D類型DAP (Delivered At Place)目的地渡し。売主は指定された目的地で買主の指示に従い、輸入通関を行わずに商品を配送します。
DPU (Delivered at Place Unloaded)目的地で荷降ろし後渡し。売主は指定された目的地で商品を荷降ろし後に買主に引き渡します。
DDP (Delivered Duty Paid)関税込み配送済み。売主は目的地で商品を引き渡し、輸入通関手続きを含むすべての費用とリスクを負担します。
グループ2
F類型FAS (Free Alongside Ship )船側渡し。売主は商品を輸出港の船のそばで買主に引き渡します。
FOB (Free On Board)船上渡し。売主は輸出港で商品を船に積み込み、その時点でリスクが買主に移転します。
C類型CFR (Cost and Freight)運賃込み。FOB条件に加えて、売主は目的港までの運賃を支払います。
CIF (Cost, Insurance and Freight)運賃保険料込み。CFR条件に加えて、売主は目的港までの運送保険を手配します。
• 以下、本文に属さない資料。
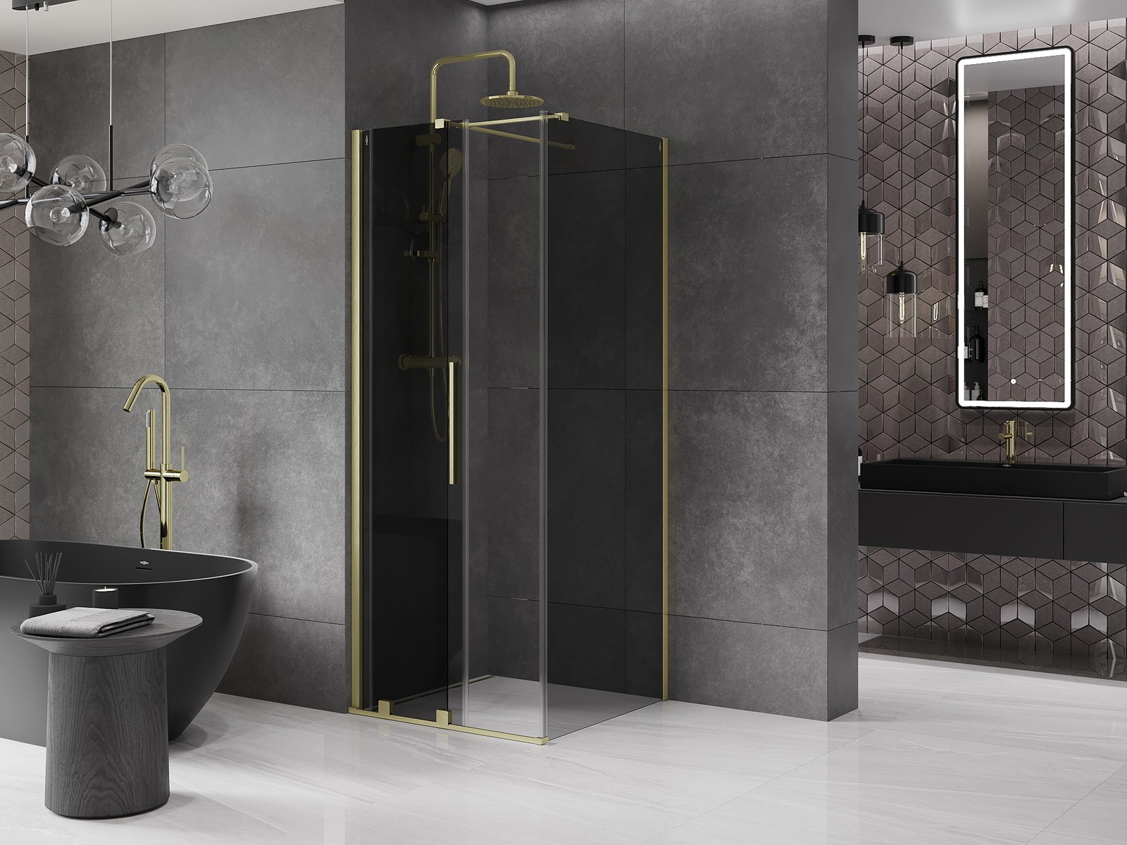 Mexen Velar drsna pršna kabina 100 x 100 cm, grafit, ščetkano zlato - 871-100-100-41-55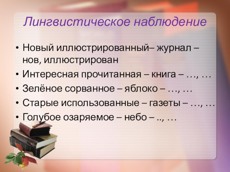 Лингвистическое наблюдениеНовый иллюстрированный– журнал – нов, иллюстрированИнтересная прочитанная – книга – …, …Зелёное сорванное – яблоко –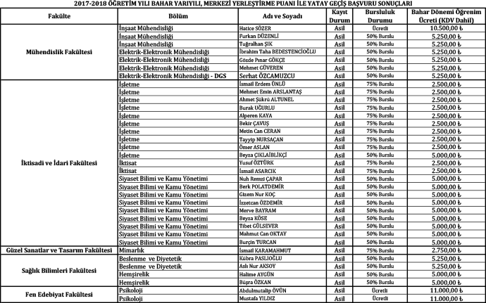 2017-2018 Öğretim Yılı Bahar Yarıyılı Merkezi Yerleştirme Puanına Göre Yatay Geçiş Başvuru Sonuçları ve Kayıt İşlemleri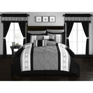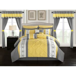 Adara 20 Piece Comforter Set Color Block Pinch Pleat Pintuck Design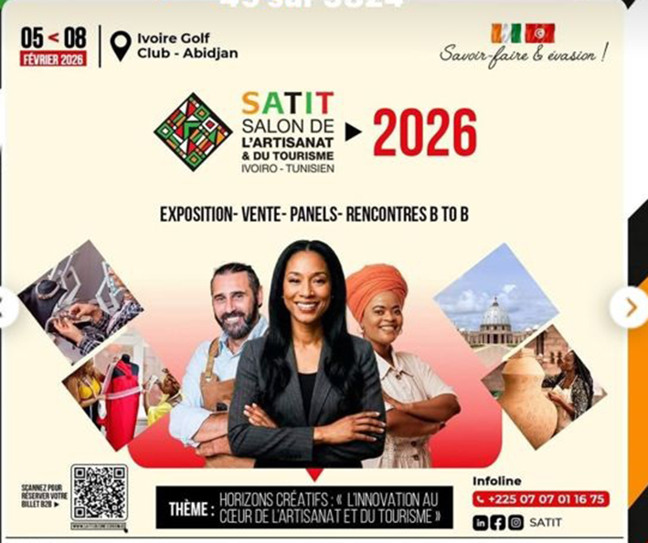 Afin de dynamiser les excellentes relations qui existent entre la Côte d’Ivoire et la Tunisie, en ce début d’année 2026, les deux pays ont décidé de donner un nouveau souffle à cette coopération à travers l’organisation d’un Salon dénommé le Salon de l’artisanat et du tourisme ivoiro-tunisien (SATIT). Ainsi, le SATIT 2026 qui est à sa première édition est prévu du 5 au 8 février 2026 à Ivoire Golf Club, à Abidjan dans la commune du Plateau. Il a pour thème « Horizons créatifs : l’innovation au cœur de l’artisanat et du tourisme. »

通関士試験対策としては、すべてを暗記する必要はありません。

E、F、C、Dの4つの分類を理解するだけでもいいと思います。また、CIF価格、DPU価格という意味を理解しましょう。

ちなみに、インコタームズ2020から、「条件」ではなく「規則」と呼ぶようになりました。「EXW規則」や「FOB規則」のように。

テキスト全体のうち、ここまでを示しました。